Some of the major benefits of Azure Private Link are as follows:

  • You can privately access services on the Azure platform without a public IP address at the source or destination.
  • You can use it on on-premises and peered networks.
  • It gives you protection against data leakage because while using Private link, you can only connect to the specific resource and not anything else. Access to any other resource in the service is blocked.
  • It has global reach. You can connect to services running in other regions as well.
  • Along with that, Azure Private Link has integration with Azure Monitor as well.
  • Using that, you can see logs in the storage account, stream your events to your Event Hub and do Azure Monitor logging.

Let’s a demo of Azure Private Link. In this demo, we will secure a connection between an Azure SQL Server and a virtual machine.

First of all, I am going to create a new Virtual Network with the following configuration.

    

Next, I have created this Virtual Machine with the image Windows Server 2019 Datacenter. I have put it in the same resource group as my Virtual Network, so the virtual network and subnet would get automatically assigned. I have kept ports 80 and 3389 open to this.

  • Now, we need an SQL Database to connect to.

So next, I have created an SQL Database with the following details.

  • Next up, we need to create a private endpoint.

Upon searching for Private Link, it gives me this result. Notice how at the time of performing this demo, the private link feature is still in preview.

Upon clicking create, you’d land up on this which is the Private Link centre from where you can create private endpoints for services like an SQL Server.

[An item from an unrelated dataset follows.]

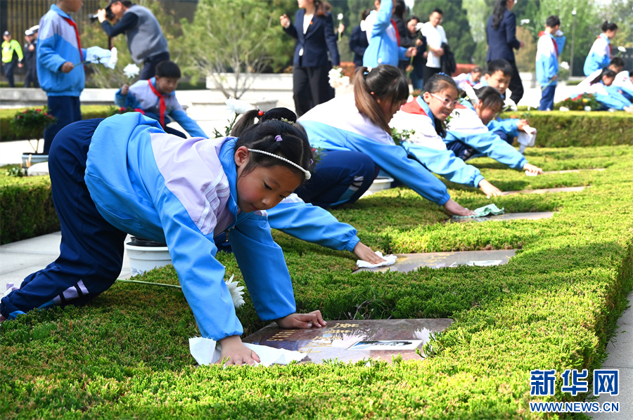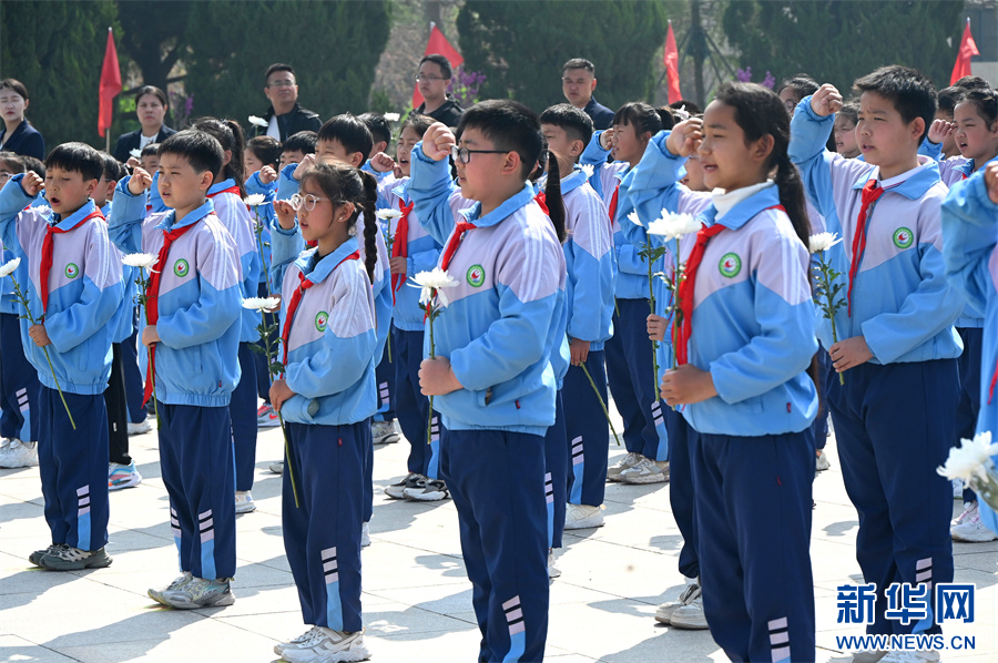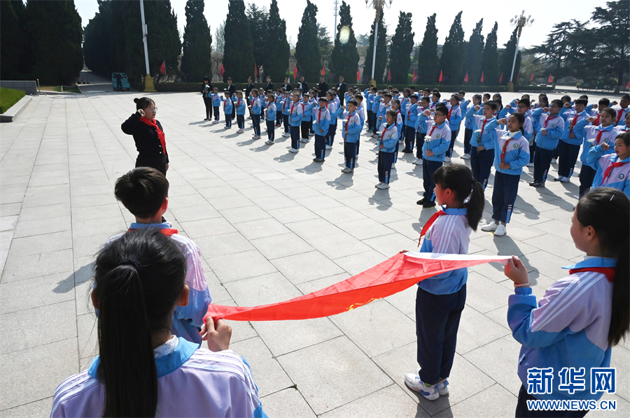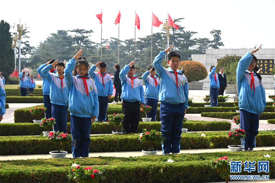 清明节将至,河南省开封市各中小学校组织学生走进革命烈士陵园,重温先烈事迹,接受爱国主义教育。新华网发(李俊生 摄)

Scroll down and click Start.

Choose the resource group. Give the private endpoint a name and choose the location. Click next to choose the resource.

Choose the resource type as Sql Server and choose the resource and sub-resource. Click Next.

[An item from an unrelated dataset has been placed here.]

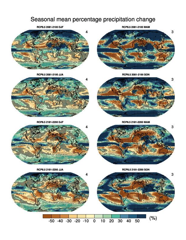 Fig. 313 Multi-model CMIP5 average percentage change in seasonal mean precipitation relative to the reference period 1986–2005 averaged over the periods 2081–2100 and 2181–2200 under the RCP8.5 forcing scenario. Hatching indicates regions where the multi-model mean change is less than one standard deviation of internal variability. Stippling indicates regions where the multi-model mean change is greater than two standard deviations of internal variability and where at least 90% of models agree on the sign of change#

You can see that it chooses the virtual network and subnet by default. So, we don’t need to configure anything on this page. Click Review + Create and then create.

To test this out, connect to the created VM via RDP.

Inside the VM, open up a command prompt and try nslookup for the SQL Server that you have created. You will get this output. It tells you that the private endpoint is working because it augments the address with the private link moniker.

I have also downloaded SQL Server Management Studio on my VM.

I will enter my server name, choose SQL Server Authentication as the authentication method. Enter credentials and click connect.

And that’s it, it will get connected. I have been connected to the Azure SQL server and database from the VM, and as you have noticed, I didn’t have to enter my IP address to the SQL Server Firewall to connect. That is because I am using a private link connection that travels over the backbone of Azure instead of travelling over the public internet.